Never Hire Anyone Dumber Than You Are!

Written by Wally Conway

Continued from page 1

The good Captain was sitting quietly withinrepparttar sound of our voices. He had heard every one of our comments on his lack of intellect.

Asrepparttar 100023 Commander withrepparttar 100024 confident charisma approached, we were certain that if we were shown mercy we would be court martialed, and we feared that ifrepparttar 100025 Captain choose not to be merciful, we would just be shot right on sight!

Speaking got us into this predicament, so silence seemedrepparttar 100026 best choice. Captain Norris spoke. He acknowledged our belief that each of us had amongrepparttar 100027 finest minds inrepparttar 100028 entire Navy in our specific specialty. He flattered those things that each had done since beginning our assignment withrepparttar 100029 airwing. Captain Norris offered that he had hand selected each one of us fromrepparttar 100030 entire fleet, having had to call in favors, make threats, and impose demands, just to have each of us work with him. We were there because he believed us to berepparttar 100031 best, and he wanted onlyrepparttar 100032 best. Seems he held us inrepparttar 100033 same regard that we held ourselves.

Then Captain Norris spoke torepparttar 100034 issue of intellect, specifically our perception of his lack thereof. Captain Norris said, "The mark ofrepparttar 100035 true leader is not one who gives orders, or feigns knowledge, but ratherrepparttar 100036 leader who plantsrepparttar 100037 needed seed in a fertile mind so gently, thatrepparttar 100038 subordinate believesrepparttar 100039 idea emerged from within."

Continued silence. He was in complete control of our actions and had always been. He chose each of us knowing full well that in our specific areas of expertise, we were well beyond him. And knowing full well that in his area, that of building teams ofrepparttar 100040 best and brilliant, then allowing them to take ownership of ideas, he wasrepparttar 100041 expert.

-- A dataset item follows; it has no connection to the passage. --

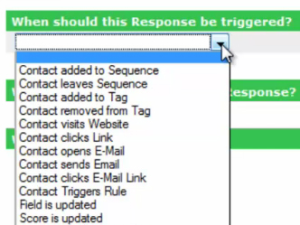 Essentially, you can tell Office Autopilot what to do if certain things occur. For example, if a customer places an order, you can send an order to your fulfillment house to fulfill that order. Or if a customer leaves, you can send them a last minute special offer. Just select the trigger for the action, then select what list it applies to then select what to do when that action is trigger.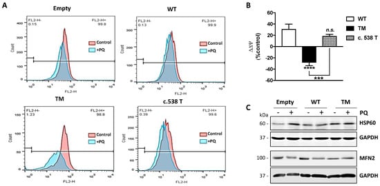 In order to better substantiate mitochondrial damage, we assessed protein levels of HSP60 and MFN2, which represent molecular markers of mitochondrial stress [13,14,15] and dynamics (fission/fusion), respectively (Figure 5C). Western blot analysis revealed that under resting conditions, the levels of Hsp60 in TM SSADH cells were greater with respect to control and WT SSADH cells and were maintained at high levels upon PQ treatment. By analyzing the protein levels of MFN2, which is implicated in mitochondrial fusion, we found that it was decreased in TM SSADH cells compared to both control and WT SSADH cells, confirming the occurrence of mitochondrial fragmentation under resting conditions. Upon PQ treatment, while MFN2 levels were reduced both in control and WT SSADH cells, in TM SSADH cells MFN2 levels remained unaltered, arguing that a maximum degree of mitochondrial fragmentation was already established upon TM SSADH overexpression.

Captain Norris asked what I had learned. My response, "I should never hire anyone dumber than I am." "You've got it," he said. "Must have just emerged from within."

Copyright © Florida HomePro, Inc. and Wallace J. Conway. All rights in all media reserved.

Wally Conway is President of Florida HomePro Inspections, and has recently written a book entitled "Secrets of the Happy Home Inspector", available at As a speaker, writer, and instructor, Wally blends the right amount of up-to-date information with just the right amount of humor, insight, motivation, and real-world application. Visit for more information!

Choosing a Home Construction or Remodeling Contractor

Written by George Stevens

Continued from page 1

Make sure they donít subrepparttar work out to a contractor that is not insured or bonded. It is very common for a contract company to sub out work to contractors that are not insured and bonded. Another danger ofrepparttar 100022 contractor subbing work out is if they donít pay their sub,repparttar 100023 sub can put a mechanics lien on your house and you will have to pay even if you have already paidrepparttar 100024 contractor.

Set a definite timeframe forrepparttar 100025 work to begin and for completion and get it in writing. Nothing is worse than to have a project drag on not knowing when they are going to show up and finish.

Never, ever pay forrepparttar 100026 entire project in advance. If you dorepparttar 100027 contractor has no incentive to finish or even start. When you no longer haverepparttar 100028 money you are no longer in control! It is customary with most contractors that you pay a portion up front. On a large project hold back as much money as you can untilrepparttar 100029 end. The incentive to finish must be motivated byrepparttar 100030 cash atrepparttar 100031 end ofrepparttar 100032 project.

For more information on finding and qualifying contractors visit

George Stevens is the popular author of the Website teaching you how to build your own home.